▶ _ASSIGNMENT_
From the listing below, output the lines between the one with "组件路劲: crm ,点击部署组件" and the one with "其中,广西申龙汽车上榜3款,成都大运汽车", including those two, and nothing else. Pictures are not copied.

▶ _DATA TO EXAMINE_
══════════

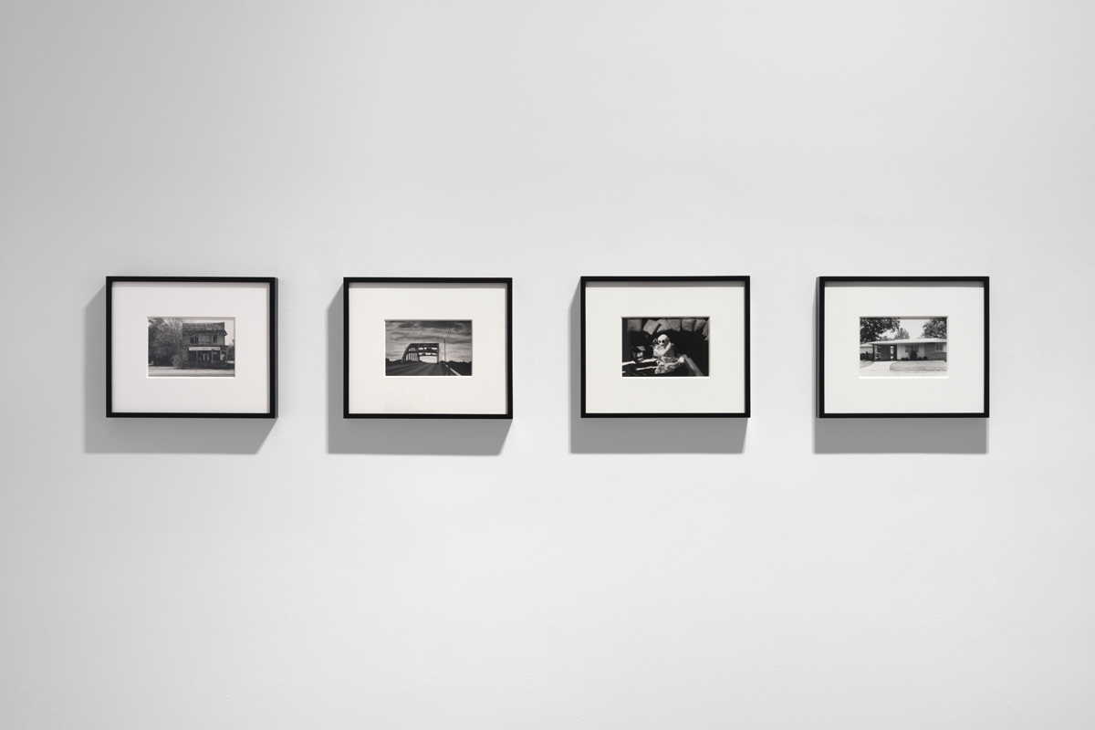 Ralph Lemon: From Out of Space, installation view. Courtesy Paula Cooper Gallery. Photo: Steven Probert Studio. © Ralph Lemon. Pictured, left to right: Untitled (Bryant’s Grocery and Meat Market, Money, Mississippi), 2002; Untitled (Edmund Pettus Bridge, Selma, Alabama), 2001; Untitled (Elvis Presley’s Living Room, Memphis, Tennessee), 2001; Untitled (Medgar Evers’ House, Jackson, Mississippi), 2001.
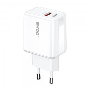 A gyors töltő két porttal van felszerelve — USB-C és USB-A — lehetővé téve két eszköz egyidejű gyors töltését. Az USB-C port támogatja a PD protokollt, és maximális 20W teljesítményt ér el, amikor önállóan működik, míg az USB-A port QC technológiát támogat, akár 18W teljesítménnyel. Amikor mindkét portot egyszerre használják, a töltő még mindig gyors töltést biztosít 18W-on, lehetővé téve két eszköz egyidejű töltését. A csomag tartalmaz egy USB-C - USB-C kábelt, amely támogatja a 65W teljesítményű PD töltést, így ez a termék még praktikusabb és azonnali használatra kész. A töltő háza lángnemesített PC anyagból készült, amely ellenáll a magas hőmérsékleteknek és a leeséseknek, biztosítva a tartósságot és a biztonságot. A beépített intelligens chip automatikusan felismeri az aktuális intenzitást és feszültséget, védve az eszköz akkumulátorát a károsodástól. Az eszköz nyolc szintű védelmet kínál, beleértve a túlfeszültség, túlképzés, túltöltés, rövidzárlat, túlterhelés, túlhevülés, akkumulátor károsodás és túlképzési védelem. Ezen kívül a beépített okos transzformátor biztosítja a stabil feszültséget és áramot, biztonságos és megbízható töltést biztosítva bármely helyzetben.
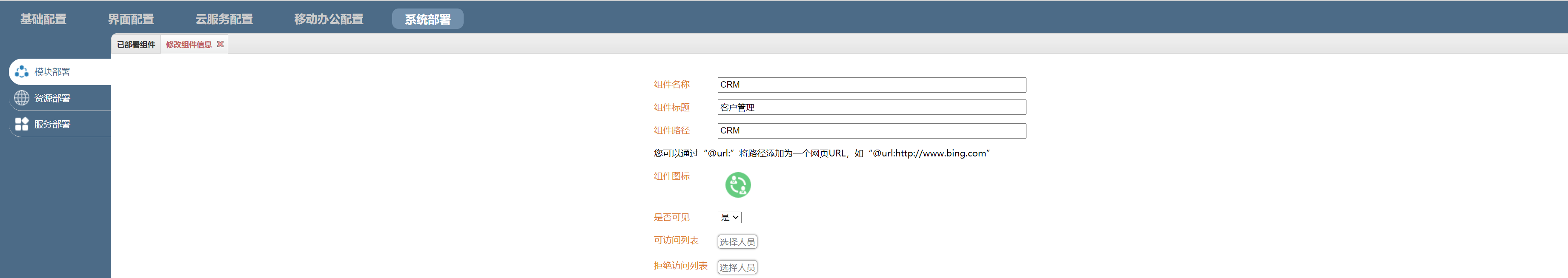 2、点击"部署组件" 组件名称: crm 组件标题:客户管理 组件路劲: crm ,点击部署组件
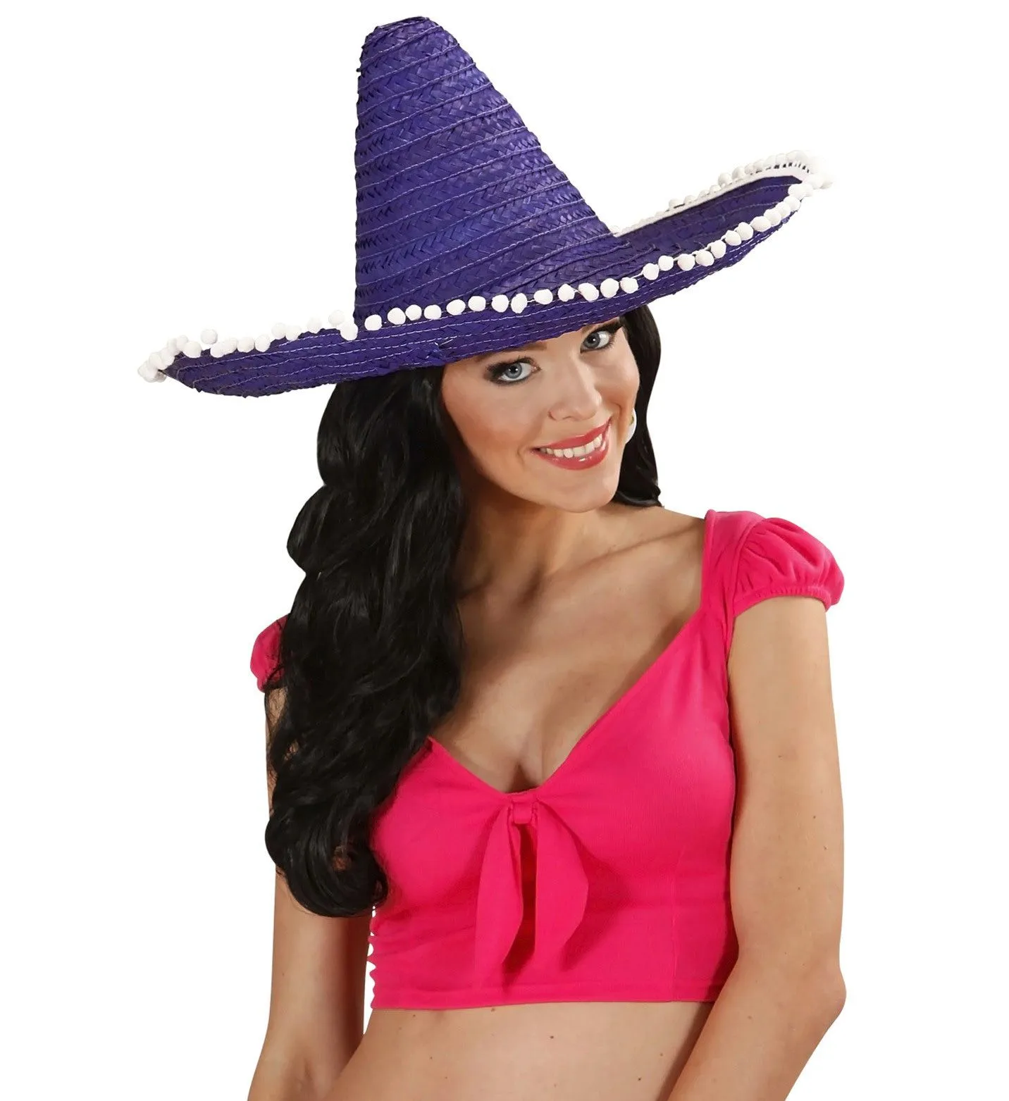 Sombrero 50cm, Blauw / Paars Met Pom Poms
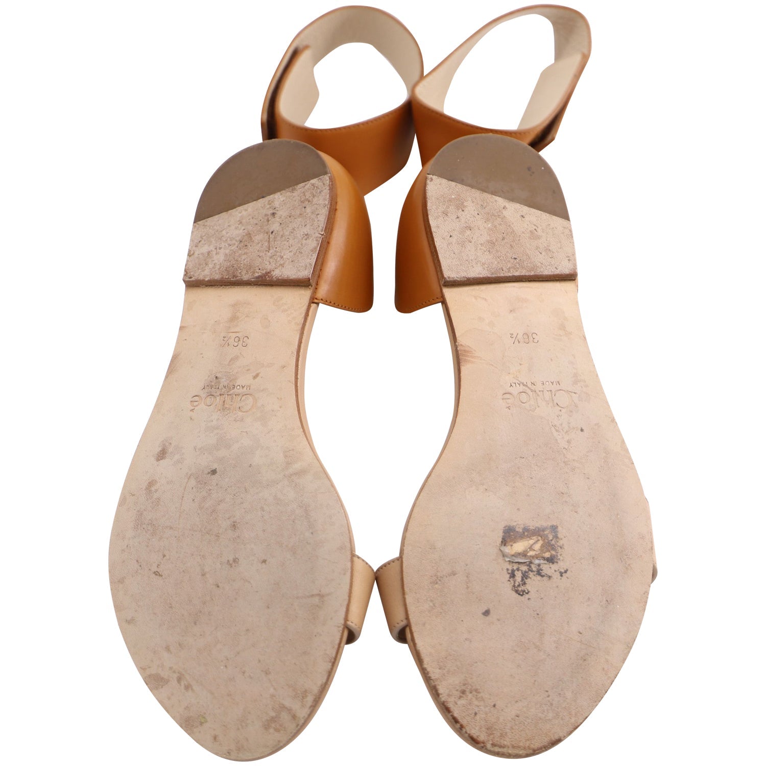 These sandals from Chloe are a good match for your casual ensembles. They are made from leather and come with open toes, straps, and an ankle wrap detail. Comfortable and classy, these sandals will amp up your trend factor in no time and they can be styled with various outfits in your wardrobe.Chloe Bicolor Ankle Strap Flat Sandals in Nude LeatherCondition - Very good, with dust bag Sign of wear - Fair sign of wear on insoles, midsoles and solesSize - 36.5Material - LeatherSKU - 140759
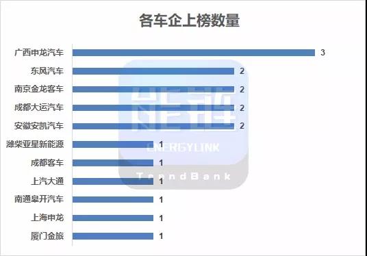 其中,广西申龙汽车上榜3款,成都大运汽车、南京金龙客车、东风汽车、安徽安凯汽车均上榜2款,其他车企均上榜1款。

══════════

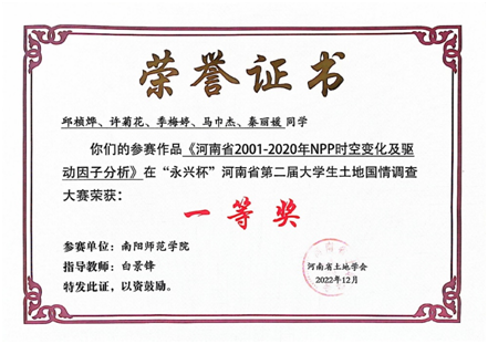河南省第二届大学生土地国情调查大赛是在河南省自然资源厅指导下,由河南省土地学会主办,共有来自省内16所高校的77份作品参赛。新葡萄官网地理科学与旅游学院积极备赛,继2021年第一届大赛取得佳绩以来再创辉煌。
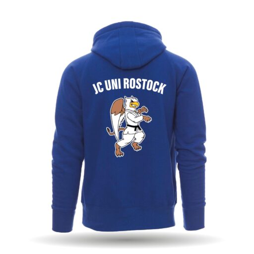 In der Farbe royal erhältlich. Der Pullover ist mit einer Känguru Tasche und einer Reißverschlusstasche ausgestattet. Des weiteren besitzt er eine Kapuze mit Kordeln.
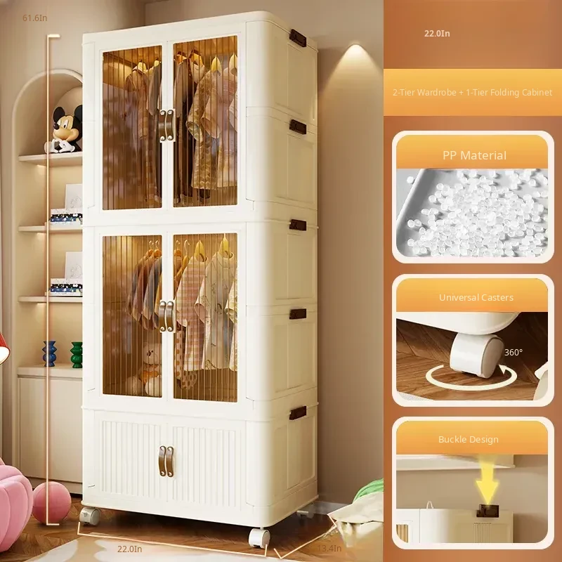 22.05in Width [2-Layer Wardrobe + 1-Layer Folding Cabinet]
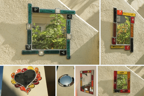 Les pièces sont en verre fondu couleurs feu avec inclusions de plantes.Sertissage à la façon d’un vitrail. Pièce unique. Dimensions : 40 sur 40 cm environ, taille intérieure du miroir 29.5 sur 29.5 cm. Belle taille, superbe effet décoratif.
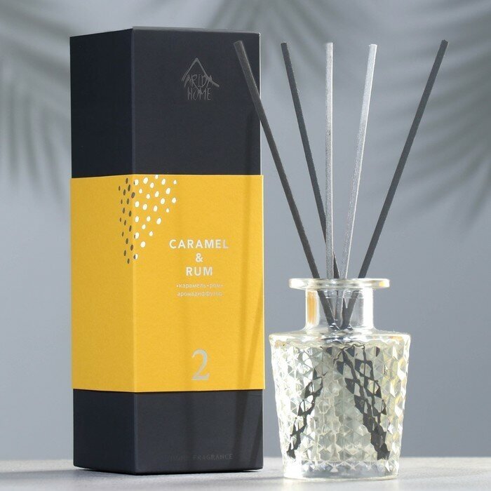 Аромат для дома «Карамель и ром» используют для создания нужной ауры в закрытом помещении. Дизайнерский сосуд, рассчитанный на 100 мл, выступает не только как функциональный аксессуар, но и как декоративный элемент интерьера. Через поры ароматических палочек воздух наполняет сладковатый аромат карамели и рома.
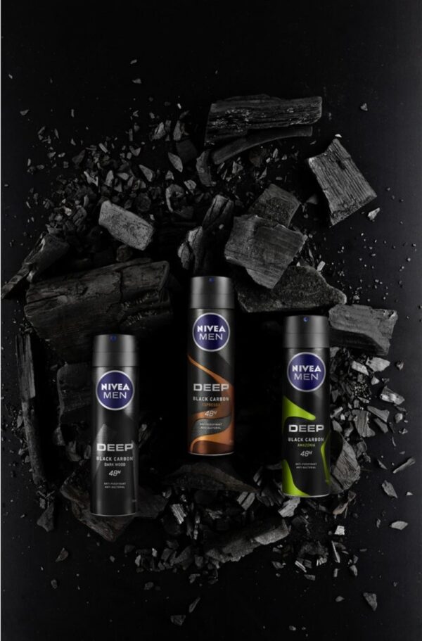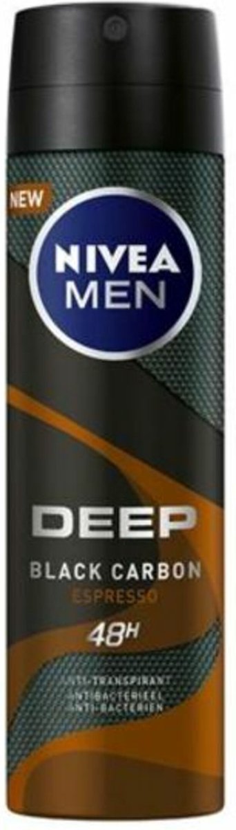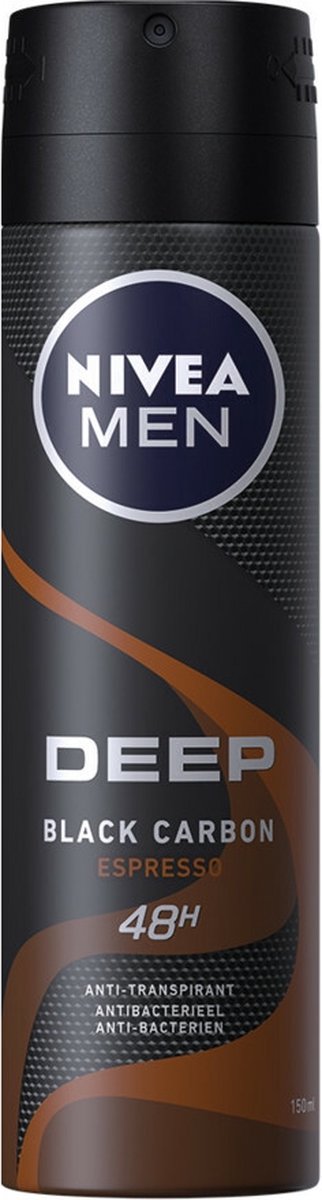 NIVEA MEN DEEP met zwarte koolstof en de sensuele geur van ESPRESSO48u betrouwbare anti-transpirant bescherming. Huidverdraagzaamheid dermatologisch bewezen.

══════════

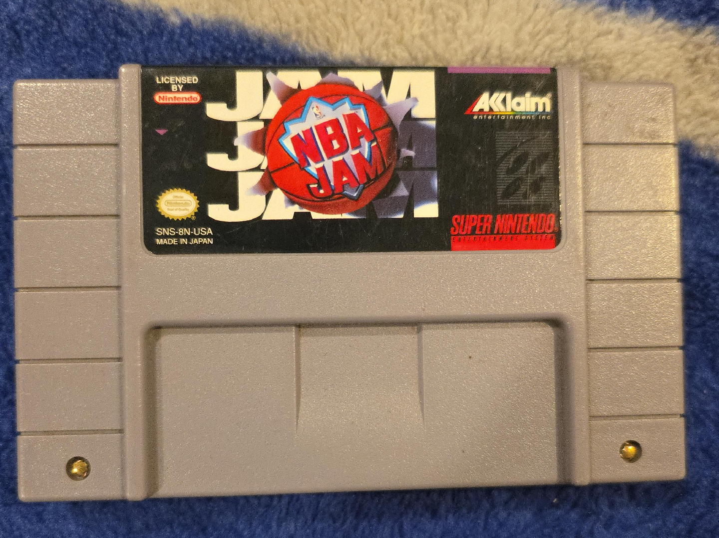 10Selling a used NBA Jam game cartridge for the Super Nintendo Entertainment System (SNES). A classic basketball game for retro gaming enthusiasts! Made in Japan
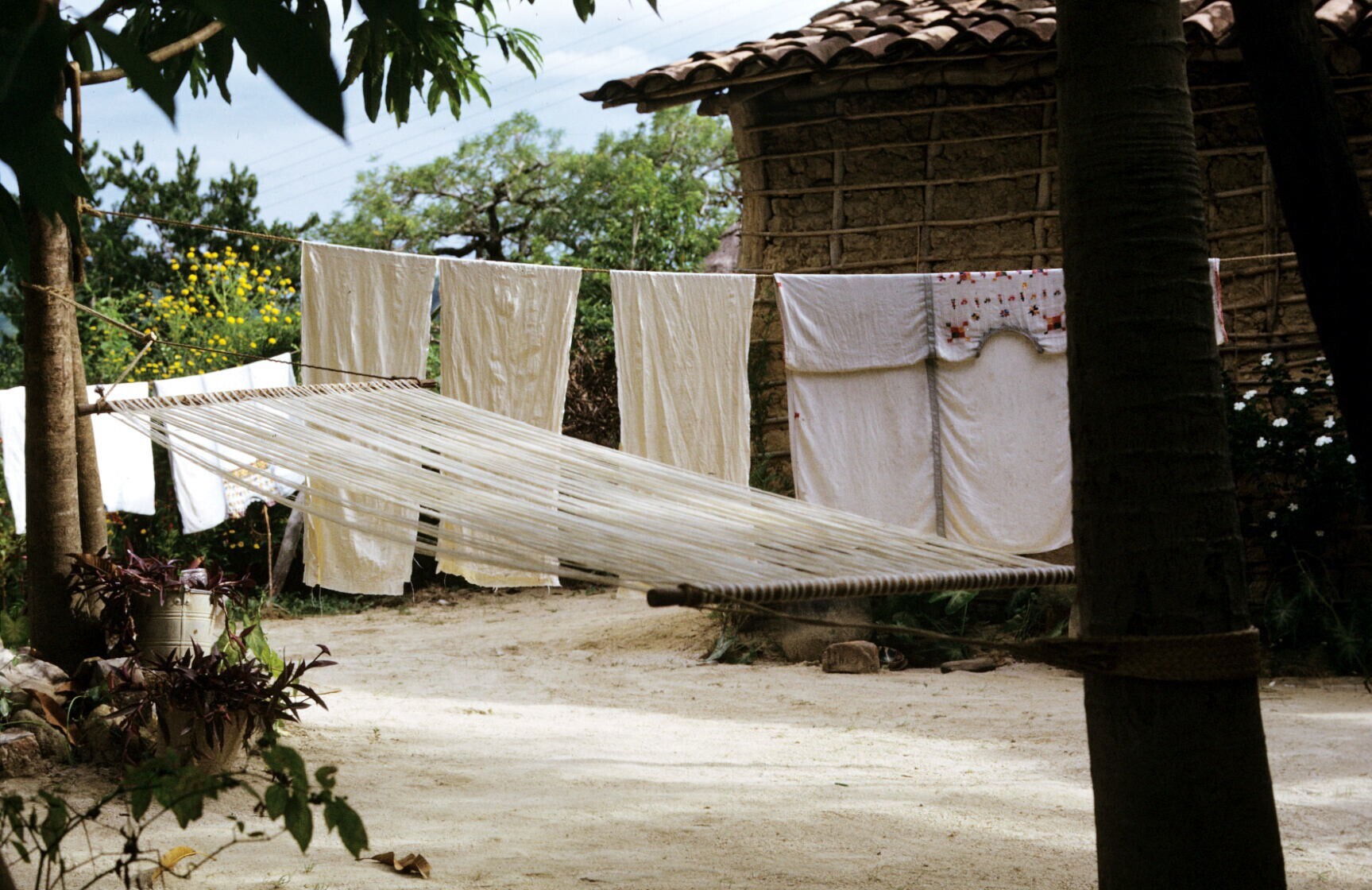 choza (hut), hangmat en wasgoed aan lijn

══════════

▶ _ANSWER BELOW_
 2、点击"部署组件" 组件名称: crm 组件标题:客户管理 组件路劲: crm ,点击部署组件
 Sombrero 50cm, Blauw / Paars Met Pom Poms
 These sandals from Chloe are a good match for your casual ensembles. They are made from leather and come with open toes, straps, and an ankle wrap detail. Comfortable and classy, these sandals will amp up your trend factor in no time and they can be styled with various outfits in your wardrobe.Chloe Bicolor Ankle Strap Flat Sandals in Nude LeatherCondition - Very good, with dust bag Sign of wear - Fair sign of wear on insoles, midsoles and solesSize - 36.5Material - LeatherSKU - 140759
 其中,广西申龙汽车上榜3款,成都大运汽车、南京金龙客车、东风汽车、安徽安凯汽车均上榜2款,其他车企均上榜1款。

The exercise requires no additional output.